The newly passed fuel levy has drawn sharp criticism from Benjamin Nsiah, Executive Director of the Centre for Environment and Sustainable Energy, who describes the measure as regressive and short-sighted.
Nsiah argues that the levy places an undue financial burden on consumers while sidestepping the deep structural inefficiencies that continue to undermine Ghana’s energy sector.
Parliament approved the Energy Sector Levies (Amendment) Bill, 2025 on Tuesday, clearing the way for a GH¢1 increase in petroleum product levies. The government expects to raise GH¢5.7 billion through the measure.
Finance Minister Dr Cassiel Ato Forson said the additional revenue is intended to settle $3.1 billion in legacy debts and secure $1.2 billion for fuel procurement to power thermal plants in 2025.
Dr Forson also maintained that the new levy will not translate into higher prices at the pump. That claim has, however, been met with public scepticism and political pushback. The Minority Caucus staged a walkout during the bill’s passage, calling it “ill-timed” and alleging that the Majority lacked the necessary quorum to approve the legislation.

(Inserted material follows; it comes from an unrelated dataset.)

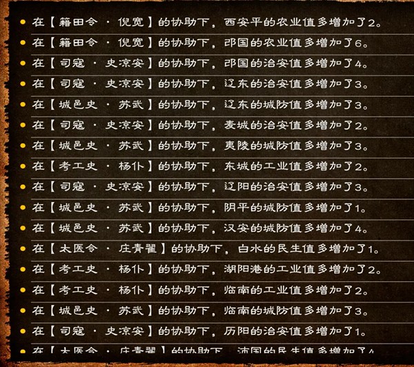 刷满本地的内政值因为即将要把人物外派出去,当城镇、村落、港口的县令,所在派出去之前,将本地的内政刷一波。内政彩蛋如下:提高本地的工业值,本地的仓库存货也会增加;当城市在暴动,手动巡查治安,可以抓壮丁,增加城市兵役;当城市在开仓,手动操作义诊,可以增加人口;当城市发洪水,手动兴修水利,可以增加耕地;当城市处于丰收,可以半价买入平时两倍的军粮;当城市处于瘟疫,手动义诊可以提高城市医学文明;⑥

Nsiah, however, contends that such fiscal measures fail to address the persistent problems at the core of the energy crisis. “This approach is not only tired but unfair,” he said. “We’ve seen this playbook before with ESLA and the Energy Sector Recovery Levy. None of them have offered lasting solutions. It’s not about collecting more, it’s about managing what’s already collected.”
He noted that since the introduction of fuel-based levies in 2016, consumers have absorbed repeated tax increases with little evidence of improved sector performance or reduced arrears.
“For the Minister to say this won’t burden consumers is simply not accurate,” Nsiah stated. “The consumer has carried this burden for years, and without reform, this trend will continue.”
Nsiah points to widespread inefficiencies along the energy value chain, from procurement and contracting to transmission and distribution, as the more pressing issues. He argues that the government’s continued focus on revenue mobilisation, rather than governance and operational efficiency, risks prolonging the crisis.
“What is needed now is not another tax but a credible shift in strategy,” he said, urging policymakers to prioritise fiscal discipline, transparent spending, and institutional reforms. Without these, he warned, Ghana’s energy challenges will persist, and consumer-based levies will remain a politically expedient but economically damaging fallback.
The fuel levy’s passage has sparked broader concerns about the state’s reliance on petroleum taxation to resolve systemic financial pressures, an approach critics say is both unsustainable and inequitable.